New Zealand politician

Robert Fletcher (3 July 1863 – 4 September 1918) was a New Zealand politician of the Liberal Party.

==Early life and family==
Fletcher was born in St Andrews, Fife, Scotland, on 3 July 1863, the son of David Fletcher and his wife Margaret Ann Duncan. After briefly working for the Midland Railway Company, he became a sailor for eight years with the Dundee Shipping Line, and arrived in New Zealand in 1883. He worked as a sailor in coastal shipping until 1885, when he became a pilot for the Wellington Harbour Board and, later, worked on the wharves.
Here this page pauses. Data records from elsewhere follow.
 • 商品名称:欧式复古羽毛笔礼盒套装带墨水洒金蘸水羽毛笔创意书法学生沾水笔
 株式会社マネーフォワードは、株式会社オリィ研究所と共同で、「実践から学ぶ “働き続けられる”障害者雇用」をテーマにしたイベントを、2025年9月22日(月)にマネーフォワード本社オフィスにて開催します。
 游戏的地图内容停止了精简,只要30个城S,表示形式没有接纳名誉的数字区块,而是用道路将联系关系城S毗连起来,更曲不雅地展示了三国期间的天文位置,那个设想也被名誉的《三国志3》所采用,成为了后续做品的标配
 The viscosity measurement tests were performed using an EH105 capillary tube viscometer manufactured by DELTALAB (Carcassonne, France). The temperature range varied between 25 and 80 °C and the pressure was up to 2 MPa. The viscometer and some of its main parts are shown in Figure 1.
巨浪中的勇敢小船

He was a prominent Freemason in Wellington.

==Political career==
===Local-body politics===
Fletcher was elected as a member of the Wellington Harbour Board in 1906, and held his seat until his death in 1918. He served as the board's chair between 1910 and 1915. From 1907 to 1915 he was also a member of the Wellington City Council. Fletcher contested the 1915 mayoralty contest, coming second to incumbent Mayor John Luke.
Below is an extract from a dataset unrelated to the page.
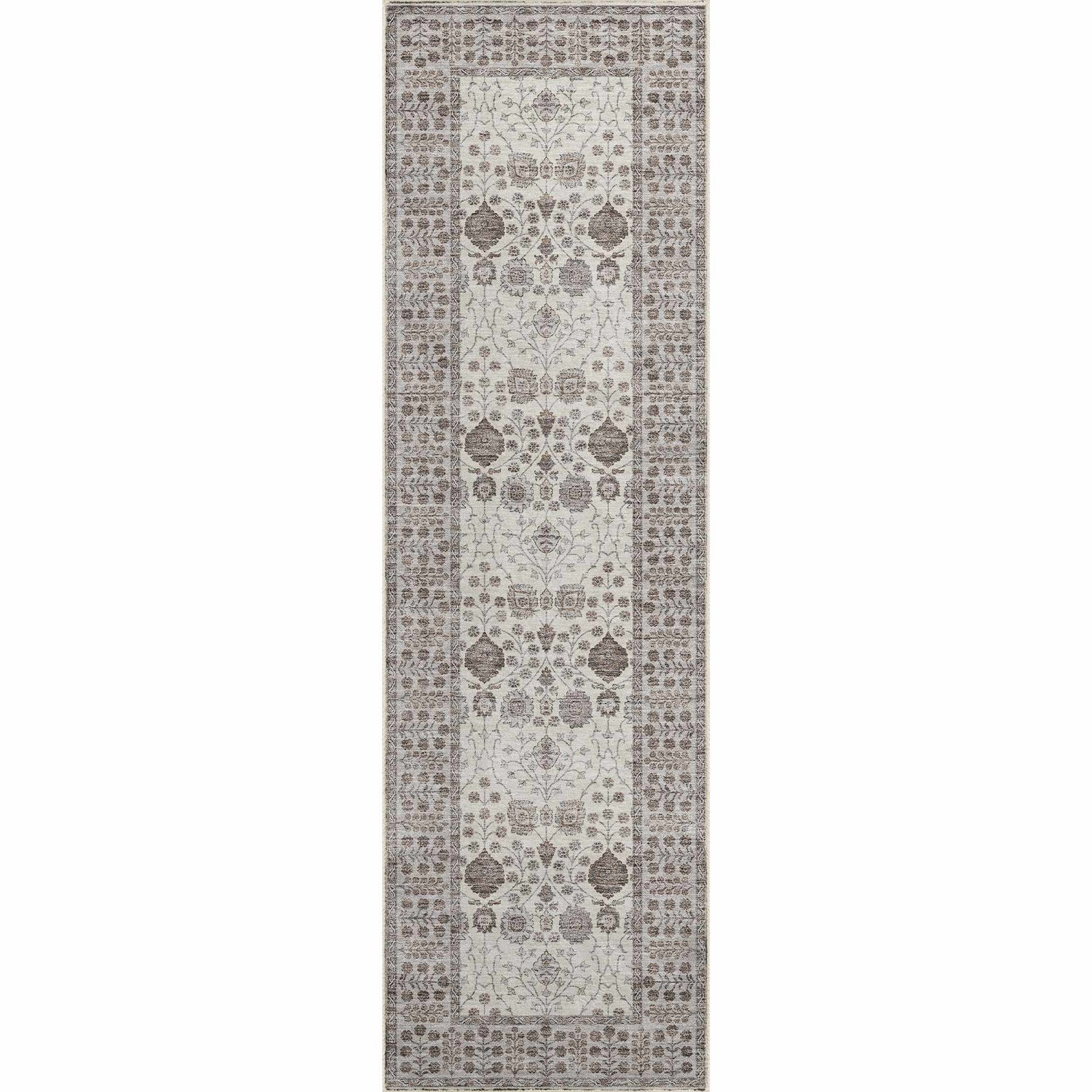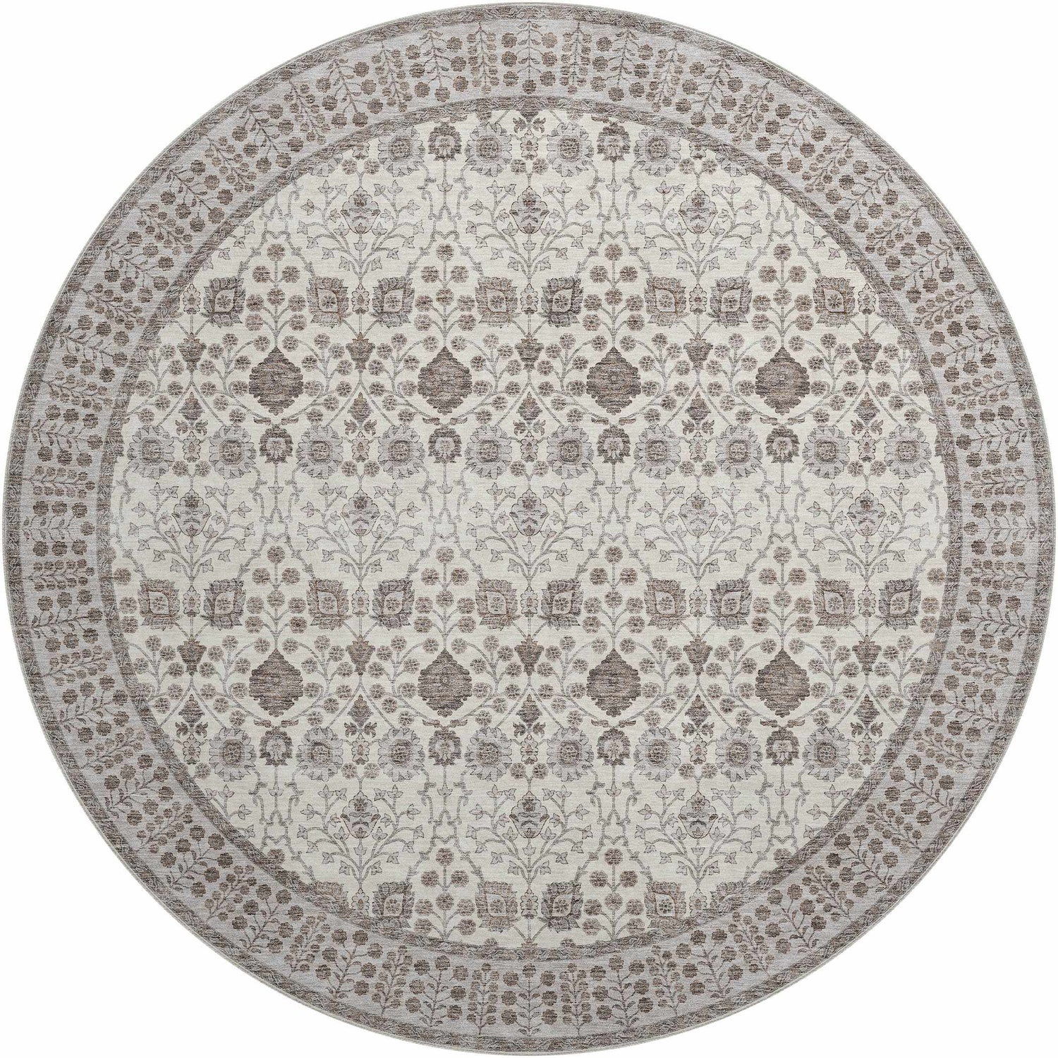 A classic ivory and gray floral rug with Persian-inspired detailing — fully washable and outdoor-safe, so it looks beautiful without the worry.

===Member of Parliament===

The electorate was formed for the , and it was held from the beginning by Francis Fisher (known as Rainbow Fisher for his frequent changes of political allegiance). The 1911 general election required a second ballot if no candidate could achieve an absolute majority in the first round. The election was contested by Fisher (for the Reform Party), Fletcher, Tom Young (Labour Party) and Frank Freeman (Socialist Party), with Fisher having a majority of one vote over Fletcher. In the second ballot a week later, Fisher beat Fletcher with a majority of 150 votes. By the next general election in 1914, the incumbent Fisher as a government minister contested Wellington Central against Fletcher again, and he was decisively beaten by 2677 votes to 4910.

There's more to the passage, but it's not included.